Ever hear about Congress’s promise to archive every public tweet in the world from 2006 onwards? Heh. As one could expect, they’re running a little behind on that promis. For example: it takes the library roughly 24-hours to find a tweet taking place anywhere between 2006 and 2010.
Surprisingly, the report comes from the Library of Congress itself, outlining why, exactly, it’s isn’t available, and what it’s doing about it.
Despite nearly 400 requests by researchers, the library still hasn’t given anyone access to the archives in a useful manner. One reason is Twitter; the company’s contract prevents the library from making the archive widely accessible to the public, or easily downloadable, according to Buzzfeed.
Another reason is that the library, which is typically tasked with preserving an immense amount of physical data (its Virginia campus is the largest library in the world by shelf space alone), is having a hard time storing digital information.
The official line suggests that making the information relatively easy to access would require an expensive infrastructure of servers.

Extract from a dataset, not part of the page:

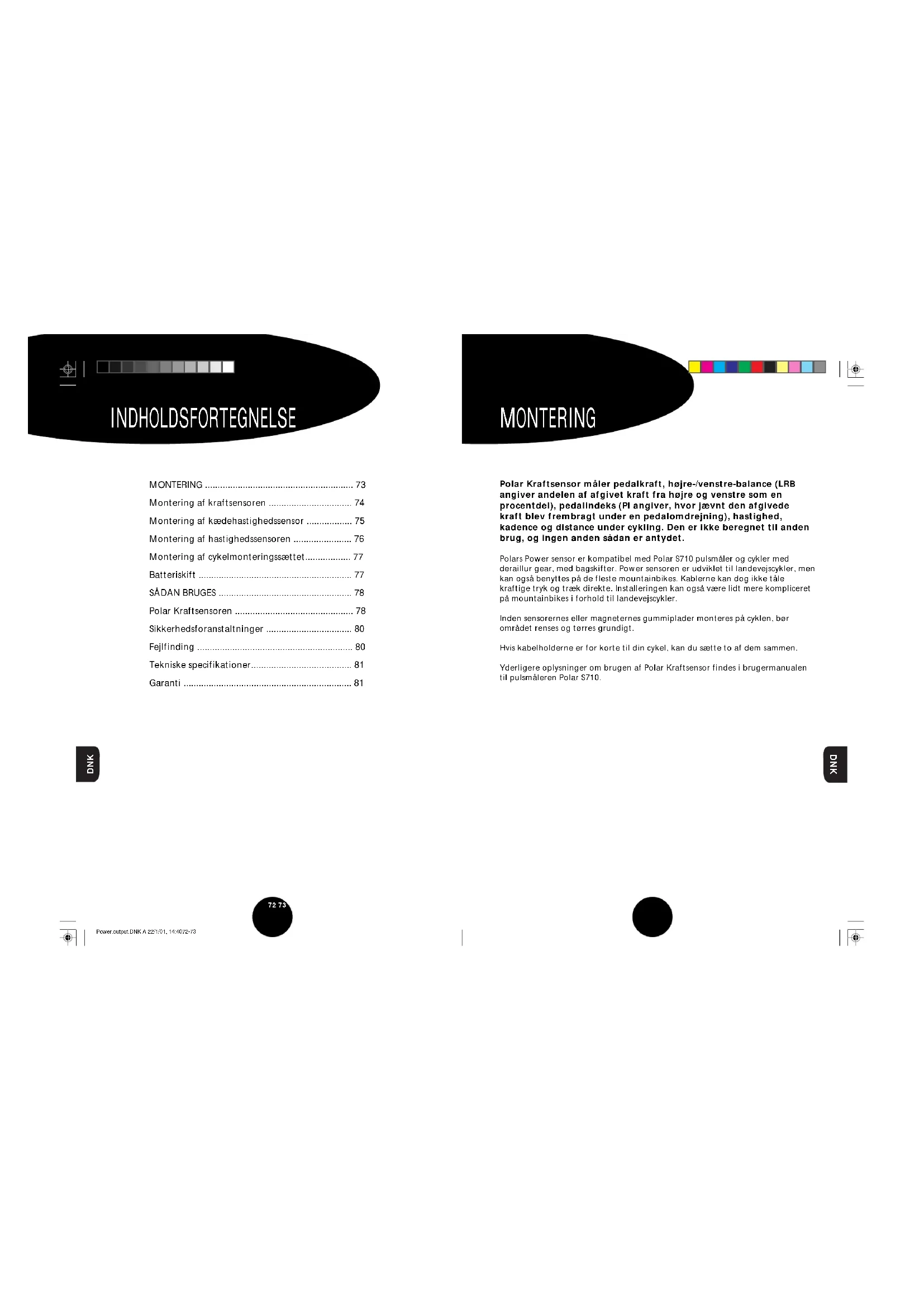 - Garanti Polar Kraftsensor måler pedalkraft, højre-/venstre-balance (LRB angiver andelen af afgivet kraft fra højre og venstre som en procentdel), pedalindeks (PI angiver, hvor jævnt den afgivede kraft blev frembragt under en pedalomdrejning), hastighed, kadence og distance under cykling. Den er ikke beregnet til anden brug, og ingen anden sådan er antydet. Polars Power sensor er kompatibel med Polar S710 pulsmåler og cykler med deraillur gear, med bagskifter. Power sensoren er udviklet til landevejscykler, men kan også benyttes på de fleste mountainbikes. Kablerne kan dog ikke tåle kraftige tryk og træk direkte. Installeringen kan også være lidt mere kompliceret på mountainbikes i forhold til landevejscykler. Inden sensorernes eller magneternes gummiplader monteres på cyklen, bør området renses og tørres grundigt. Hvis kabelholderne er for korte til din cykel, kan du sætte to af dem sammen. Yderligere oplysninger om brugen af Polar Kraftsensor findes i brugermanualen til pulsmåleren Polar S710. INDHOLDSFORTEGNELSE Power.output.DNK A 22/1/01, 14:4072-7374 75 DNK DNK p. 81

High-traffic instant searches of the Twitter archive, the library suggests, would be cost-prohibitive. But the library has already spent “tens of thousands” of dollars on the project, according to a Washington Post report, and the cost line may be a little suspect: the library has requested $643.5 million for its 2013 budget.
Regardless, the library has recruited Gnip, a Colorado data company, to process tweets, with metadata, from around the world. The metadata, according to the Washington Post, will store where the tweet came from, who sent it, who follows the poster, and how many times it was retweeted, among other things. The archive, however, won’t store photos, videos, or links attached to a tweet.
But it’s not all doom and gloom for a massive Twitter archive: the goal of establishing a system to store and organize tweets ought to be finished by the end of January of 2013, as well as actually acquiring all of the public tweets between 2006 and 2010. It’s also, perhaps most impressively, on track to preserve a daily stream of tweets, which currently numbers upwards of 400 million a day.